Advertising by lawyers: is ban still relevant?

Advertising by lawyers: is ban still relevant?

As a rule, a lawyer, by virtue of him being a lawyer, is not allowed to advertise or other-wise publicise his practice.

This rule is reflected in the Code of Ethics for Advocates in Rule 2 which even goes as far as imposing upon lawyers the duty of not permitting other persons so to do so on their behalf.

This rule banning advertising by lawyers has a long history and goes as far back as the Victorian era when the legal profession was regarded as somewhat ‘untouchable’.

Up to a few decades ago this rule was observed locally to the extent that lawyers who used to participate in radio or television programmes, especially those giving legal advice, used to remain anonymous in the sense that the viewer or listener was not made aware of the identity of the lawyer concerned. Nowadays this is no longer the case with various legal professionals actually appearing or participating on a regular basis in programmes both on television as well as on radio, where the viewers or listeners who phone in with their legal queries are aware of their identities.

Perhaps the time has come to revisit the rule referred to above with the scope of making it more relevant to the exigencies of modern times.

When the rule was first conceived, the number of lawyers in proportion to the rest of the population was very low, and there was never really a problem of a lawyer finishing up without clients. Nowadays the situation is somewhat different in the sense that the number of lawyers has increased with the result that a lawyer recently graduated from university will more than likely face very much of an uphill struggle to establish himself enough to cultivate a law practice which would afford him a decent living, unless he or his family have some kind of connections or even a fully established law firm.

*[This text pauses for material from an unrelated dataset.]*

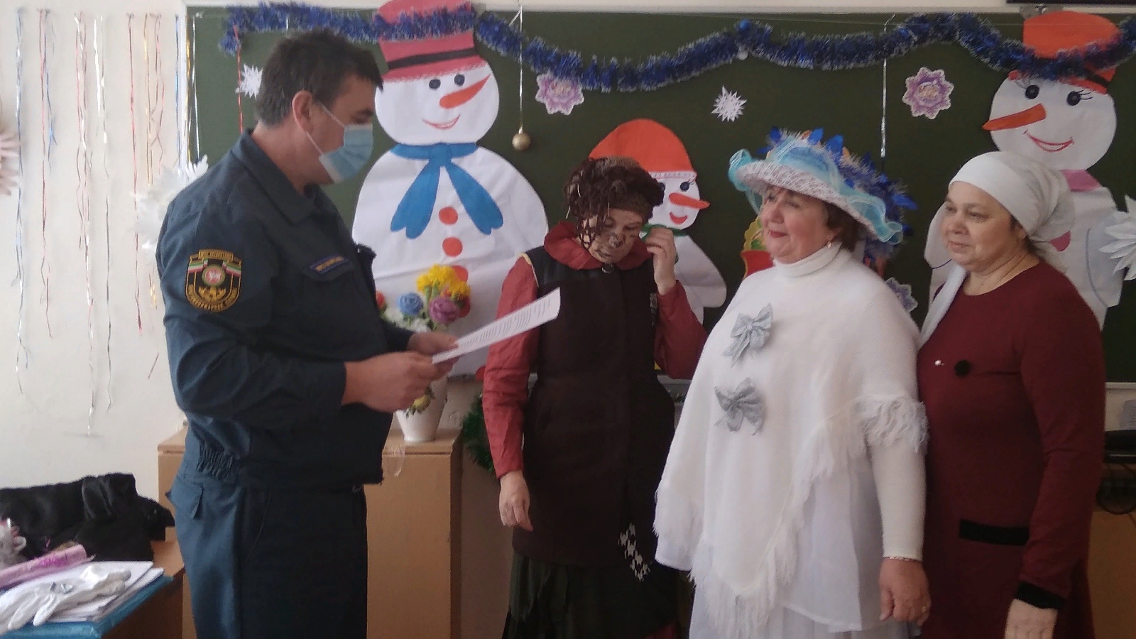 Перед началом Новогоднего утренника начальником отдельного поста по охране с. Корноухово Чистопольского отряда противопожарной службы Республики Татарстан Колчановым В.В. с работниками МБДОУ «Теремок» с. Корноухово Рыбно-Слободского муниципального района Республики Татарстан проведена беседа, о мерах пожарной безопасности, порядок действия в случае возникновения пожара, о недопущении использования пиротехнических изделий (хлопушек, фейерверков, бенгальских огней и петард), во время проведения праздника с вручением информационных памяток на противопожарную тематику.

This brings to the fore the point of whether or not the rule in the Code of Ethics referred to above is in fact ripe for review. As stated, it is difficult, if not impossible, for lawyers to establish themselves and gain a sound reputation unless they have some kind of external help. This ‘help’ may usually be because they would themselves be born into a family which already owns an established legal practice or through some other connections which the novice lawyer would have made. In effect this situation only makes the journey of the novice lawyer without that ‘help’ that much harder.

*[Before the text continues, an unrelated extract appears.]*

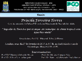 O programa de Pós-graduação em Odontologia da Universidade Federal do Piauí tem a honra de convidá-los para a defesa da dissertação de mestrado da aluna Priscila Ferreira Torres intitulada "Ingestão de Fluoretos por crianças em município de clima tropical com água fluoretada". O evento ocorrerá em sessão pública no dia 27 de fevereiro de 2015, às 08:30h no Auditório do Curso de odontologia da UFPI, Bloco Sg10. A banca será composta pelos professores doutores: Marcoeli Silva Moura (orientadora), Raimundo Rosendo Prado Junior, Fábio Correia Sampaio (membro externo) e Gláuber Campos Vale.
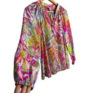 Lilly Pulitzer Elsa Silk Top Womens Resort White Scuba to Cuba Long Sleeve Sz XS

One cannot really ignore the fact that a large number of lawyers are graduating every year from university. It is a truism to affirm that a large number of them either do not have connections in the legal profession or for one reason or another do not have the opportunity of becoming a fully fledged member of a large legal firm. In fact only a very small percentage of these lawyers eventually do establish a law practice all of their own and it is felt that one of the biggest hurdles of doing this is the fact that lawyers are not allowed to advertise their practice, even if in a limited manner.

Only a very small percentage of these lawyers eventually do establish a law practice all of their own

On the other hand, it would not be inappropriate to argue that the term ‘publicise’ seems to have taken on a new, much wider dimension because of today’s modern means of communication. Websites informing the world about the services offered by law firms or even individuals abound. The question is whether this in itself should be regarded as ‘publicising’ or whether this should be regarded as ‘information dissemination’, which in itself may be commendable if not essential.

It is strongly felt that it is high time that the Code of Ethics referred to above in respect of whether a lawyer may in fact ‘publicise’ his practice be adjourned so that it may reflect better today’s realities. It would seem that nowadays this rule risks very much becoming little more than a dead letter. This situation cannot be allowed to remain as otherwise the relevance of the Code of Ethics as a whole is bound to suffer.

Joseph Bonello is a lecturer in the Department of Public Law at the University of Malta.